The activation of mTOR signaling is necessary for mechanically-induced changes in skeletal muscle mass, but the mechanisms that regulate the mechanical activation of mTOR signaling remain poorly defined. In this study, we set out to determine if changes in the phosphorylation of Raptor contribute to the mechanical activation of mTOR. To accomplish this goal, mouse skeletal muscles were subjected to mechanical stimulation via a bout of eccentric contractions (EC). Using mass spectrometry and Western blot analysis, we found that ECs induced an increase in Raptor S696, T706, and S863 phosphorylation, and this effect was not inhibited by rapamycin. This observation suggested that changes in Raptor phosphorylation might be an upstream event in the pathway through which mechanical stimuli activate mTOR. To test this, we employed a phospho-defective mutant of Raptor (S696A/T706A/S863A) and found that the EC-induced activation of mTOR signaling was significantly blunted in muscles expressing this mutant.

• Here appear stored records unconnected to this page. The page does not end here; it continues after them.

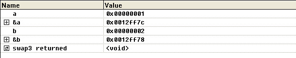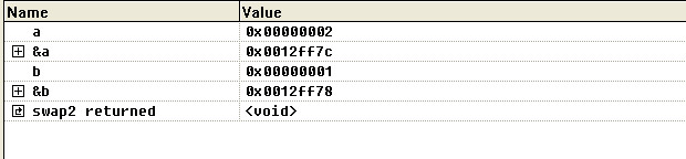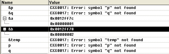 可以看到的是,p和q的地址和a与b的地址不一样,只是把a和b的值拷贝过去了,在swap1中对p和q操作只是对临时分配的栈中内容进行操作,函数执行完后形参就消失了,对原来的a和b不产生任何影响。所以swap1不能完成交换a和b值的功能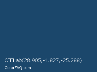 CIELab 28.905,-1.827,-25.288 Color is a dark blue color and the nearest color is Chathams Blue #175579. Hex code #1b476b and RGB value is rgb(27,71,107). In RGB color space, this color is composed of 11% red, 28% green, 42% blue, In CMYK color space, this color is composed of 75% cyan, 34% magenta, 0% yellow , 58% black , In HSL color space, this color has a hue angle of 207° , 60% saturation and 26% lightness.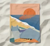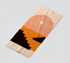 Astrazione costiera - La calma solare incontra la geometria 🎨🌞 Questo disegno mette in scena un paesaggio costiero di ridotta eleganza: un grande cerchio arancione del sole domina il cielo, al centro del quale due uccelli animano lo scenario - simbolo di libertà e movimento. Al di sotto, il mare blu si estende in zone chiare, mentre la linea bianca ondulata sembra un taglio tra l'acqua e la sabbia. Particolarmente suggestiva: la scala geometricamente stilizzata in basso conduce alla spiaggia come un invito grafico. Le sue forme minimaliste - gradini, balaustra e ombra.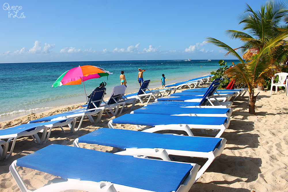 Voltando a terra firme resolvi perguntar ao guia se era possível de lá ir para alguma praia ao invés de voltar ao navio, já que ainda tínhamos algumas horinhas. Ele nos indicou um taxi e por sorte um casal com um filho pequeno me ouviu e quis dividir a corrida. O motorista nos perguntou para que praia queríamos ir, eu respondi “a mais bonita!” enquanto o casal queria uma que fosse ideal para crianças. Ele nos levou à Mister Sancho’s, que era uma mistura das duas.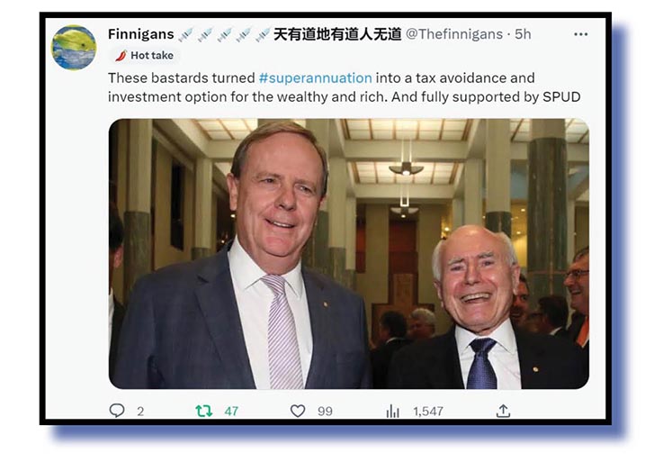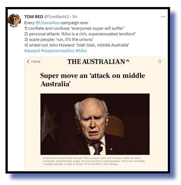 … while Finnigans, TOM RED and Rob White referenced the roles Peter Costello and John Howard played in creating the superannuation mess Labor might now have the guts to clean up … a little bit at least.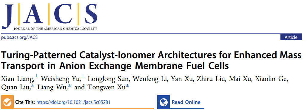 该研究成果以“Turing-Patterned Catalyst-Ionomer Architectures for Enhanced Mass Transport in Anion Exchange Membrane Fuel Cells”为题,近日发表于化学领域顶级期刊《美国化学会志》(Journal of the American Chemical Society)。由淮南师范学院/中科大博士后梁铣和中科大博士后余维胜担任共同第一作者,安徽理工大学刘泉副教授、中国科学技术大学吴亮教授和徐铜文教授共同担任通讯作者。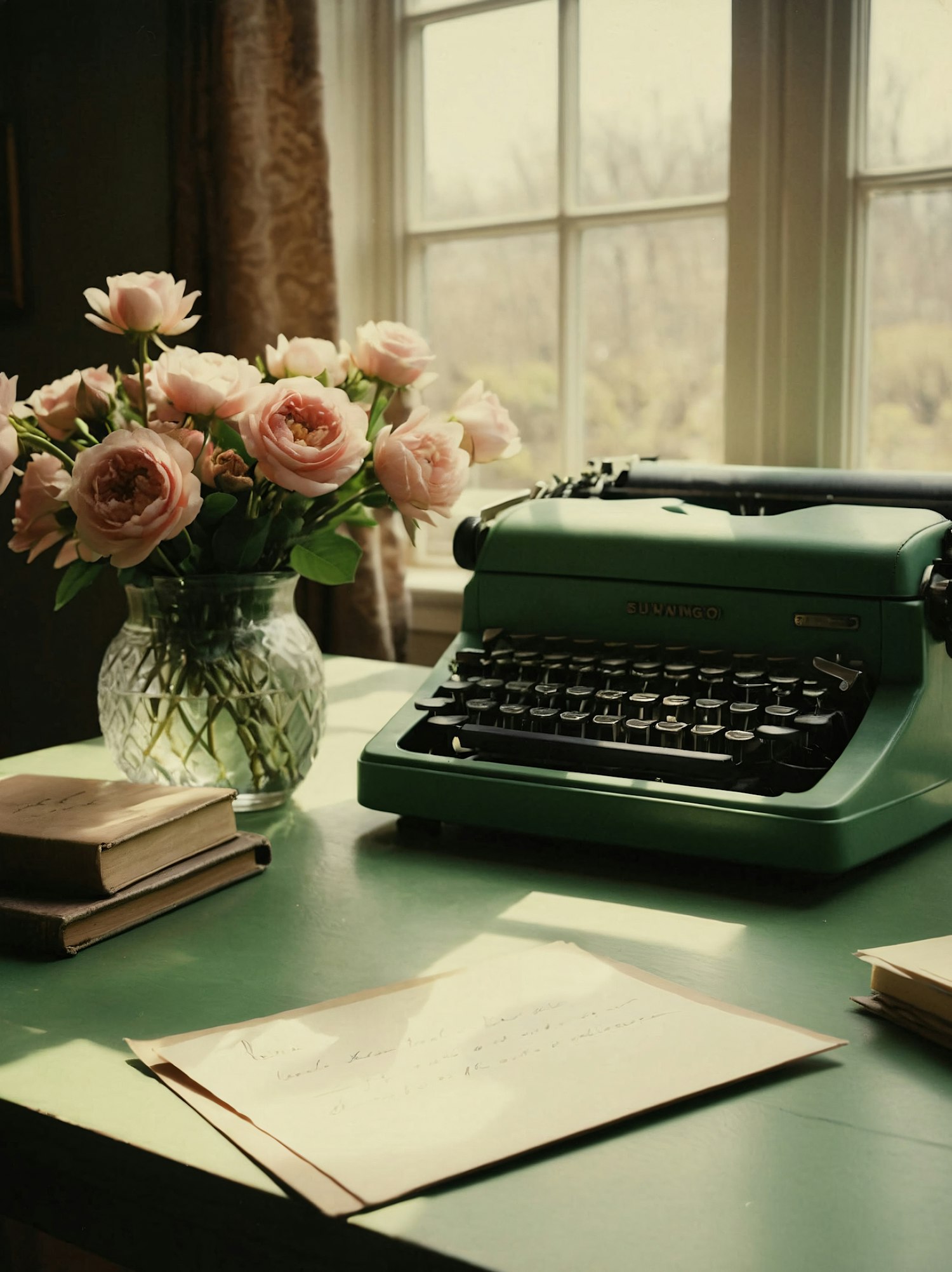 Vintage green typewriter on a desk with pink roses in a vase, books, and handwritten paper, creating a nostalgic and serene scene.

Furthermore, mutation of the three phosphorylation sites altered the interactions of Raptor with PRAS40 and p70(S6k), and it also prevented the EC-induced dissociation of Raptor from p70(S6k). Combined, these results suggest that changes in the phosphorylation of Raptor play an important role in the pathway through which mechanical stimuli activate mTOR signaling.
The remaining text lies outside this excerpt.